I tried to think of the most basic things possible. Chair. Table. Lamp. These were words. I understood them. I knew what they were. But then the chair would dissolve into a table and the table would melt into the lamp, the lamp would fade to black. There was no substance, no reality, nothing existed. Chair. Table. Lamp. They didn’t actually exist. They only existed in my mind. The black clouds continued to flow in. If a chair wasn’t a chair, then I wasn’t anything. I didn’t exist. I only thought I did.

Chair. Table. Lamp. I could sit in a chair, write on a table, see light from a lamp. It wasn’t my imagination. I could touch them. I knew I could touch them. Chair. Table. Lamp. I had eyes. I had fingers. I knew they existed…the house lights went out. This was reality. A cheer went up. The band was returning to the stage for the encore. The clouds seemed to be breaking up. I didn’t have to focus my wild stare on anything. I could gaze into the soft colored lights. I was going to live. And stay sane. For now at least.

The Fear II: Maple Leaf Gardens

The second time that The Fear struck was on my birthday. I think my eleventh. My father gave me two tickets to see the Toronto Maple Leafs. A Leaf hockey game for me then was the ultimate experience. I took a friend as my father didn’t really like hockey and thought that I might be happier on my own. The seats were great – center-ice reds – and we were up on the visiting team early. And then it hit me again. It wasn’t as strong as the first time. I seemed almost to have control over it. I could rationalize it.

The Fear II: Maple Leaf Gardens

Why was I sitting here watching this nonsense? Who gave a damn who scored what and when? The whole thing was a farce designed to brainwash and control. Nobody cared about winning. It was the popcorn, furs and dinners, the money, being part of the scenery that people cared about. The blue leaf could just as well be a red wing. I especially hated the silence between play, the organ occasionally filling that with carnival tunes. Eventually, it passed, but the evening had been depressing. We had won, but I didn’t give a damn. I just wanted to go home and get into bed.

The Fear I: The Wizard of Oz

The very first time The Fear hit me was when I was six or seven years old. We were having Sunday supper and were watching The Wizard of Oz. Everything seemed to be normal. Nothing of note, to the best of my memory, happened that day. This was probably the fourth or fifth time I had seen the film. And then, right when the witch appeared in a cloud of orange smoke in Munchkin Land I got this horrible feeling. I wasn’t afraid of the witch; it wasn’t anything like that. It was a much more general feeling. Everything just seemed wrong, bad, evil. I couldn’t sit still. I had to stand up and move.

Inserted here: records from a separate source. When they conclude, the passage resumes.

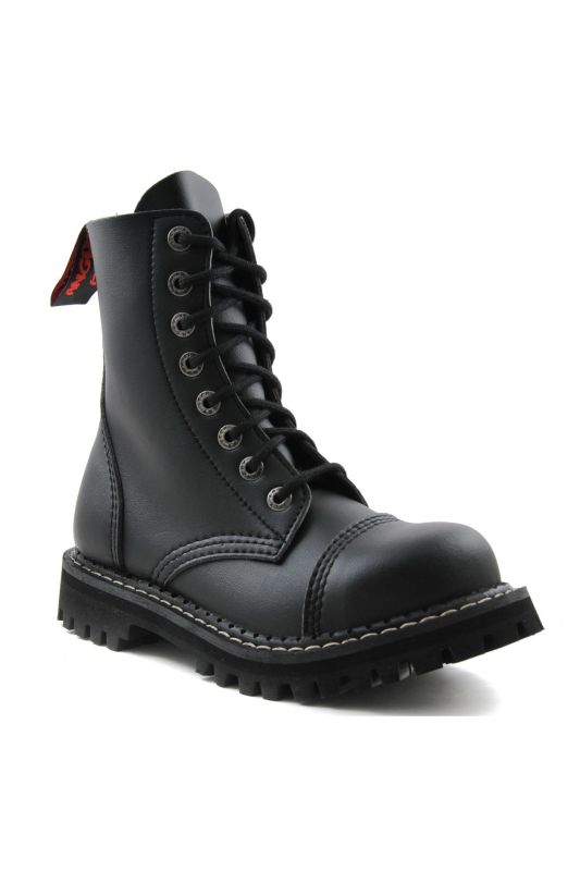 Angry Itch Boots 8 Loch Vegan - Schwarze 8 Loch Gothic Boots Vegan aus hochwertigem Kunstleder mit Stahlkappe
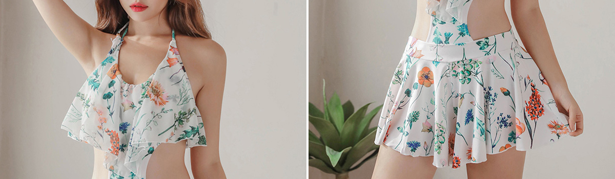 ボタニカル柄のモノキニワンピース2点セットが、この夏のビーチシーンを華やかに彩ります。胸元のフリルやサイドリボン、サイドウエストのカットアウトなど、ディテールにこだわったデザインが魅力的です。さらに、スカート付きで1つのアイテムで水着からビーチウェアまでカバーできる嬉しい2点セットです。
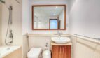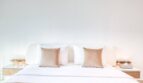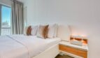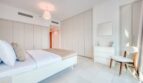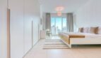 The second bedroom has a community view that peeps out to the sea. It is furnished with a queen-size bed with premium bedding, bedside units, fitted wardrobes and plenty of room. The en suite bathroom has a fitted tub and top quality finishing.
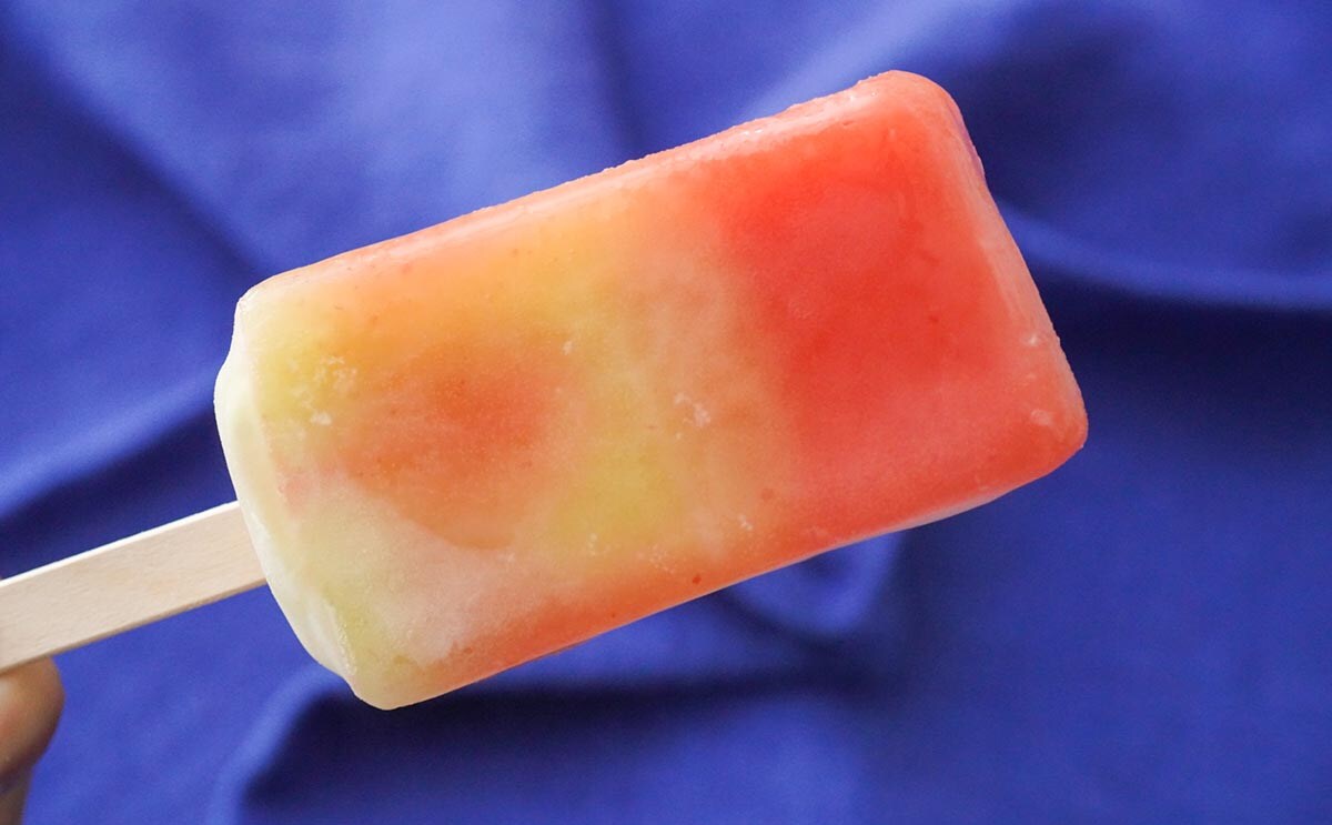 2色の色合いのアイスバーは、少しやわらかくてねっとりとしたくちあたりに。清涼感のある甘みと爽やかな酸味が口の中に広がり、さらに梅の香りが鼻に抜けて、さっぱりとしたおいしさを楽しめます。個人的には「まるで」シリーズの中でも、とくに上位にランクインするおいしさですね。
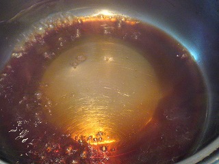 4.小鍋にしょうゆ(大2)、砂糖(大2)、みりん(大2)を合わせて火にかけ、煮立ったら弱火にして、軽くとろみかつくまで3~4分くらい煮詰めます。
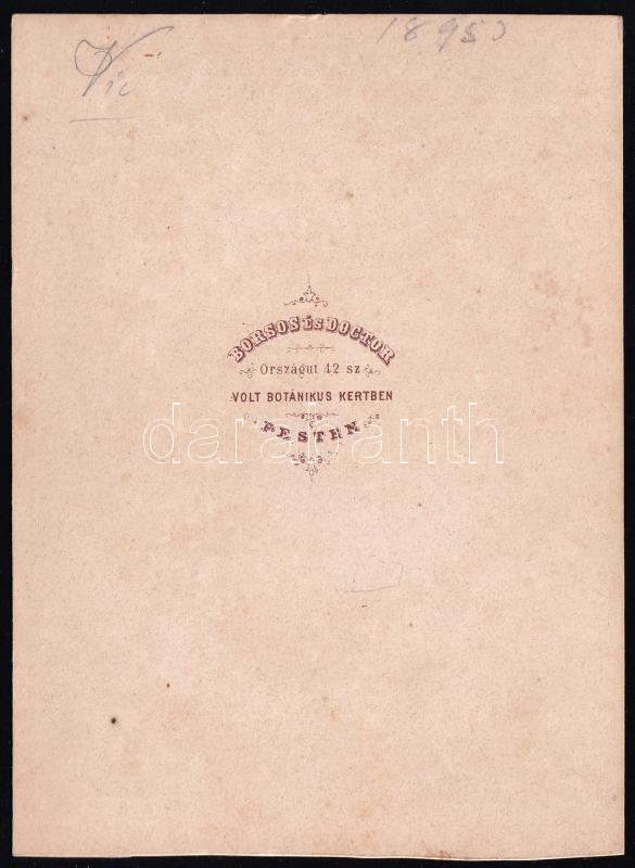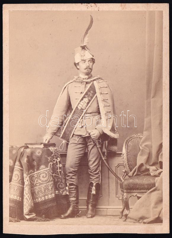 cca 1867 Ismeretlen férfi portréja, talán pont a koronázás idejéből, a keresztövön nemzeti kiscímeres, koronás díszítéssel, jurátus szablyával, keményhátú portréfotó Borsos és Doctor pesti műterméből, 15x11 cm
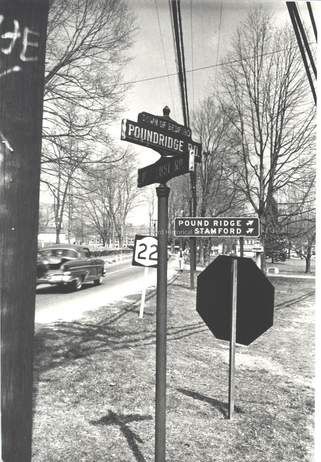 Village Green showing Road Signs at intersection of Rt 22 & 172 (Old Post Rd and Pound Ridge Road)
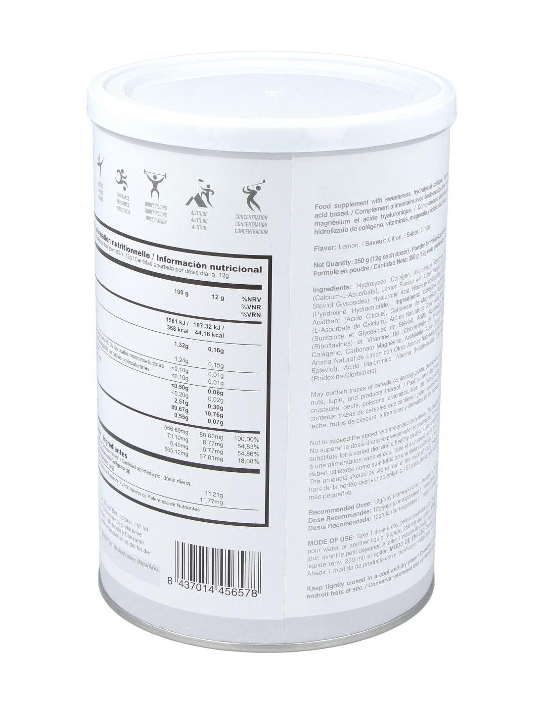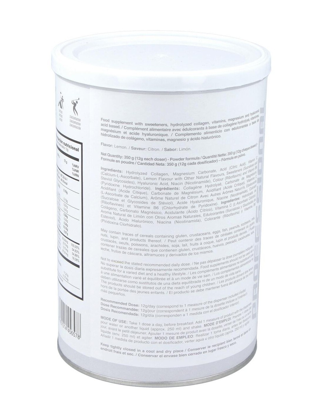Complemento alimenticio en forma de polvos solubles y con sabor a limón, que contribuye al mantenimiento normal de los huesos y de la masa muscular, aportando colágeno de forma natural a tendones, ligamentos, articulaciones y piel.

I walked across the room – nobody, not my sister, brother, father or mother, seemed to take any particular notice – and sat in a chair in the corner. I figured that if I didn’t watch the movie the feeling would go away. But it didn’t. I walked out of the room, down the hall and around the quiet, empty house. I paced up and down the stairs, went room to room, floor to floor. It took some time, but it did eventually fade away. I never directly associated the feeling with anything, but the movie certainly did seem to have brought it on. I didn’t watch any more of the film that night, nor did I see it for another fifteen years.

For the next few years I had two consistent nightmares. One where a witch lived in the basement and another where I would be sucked in between the walls and into the pipes by some sort of foreboding evil. I saw The Wizard of Oz again sometime later. It was incredible; no horrible feelings. I laughed all the way through. It is one of the best films ever made.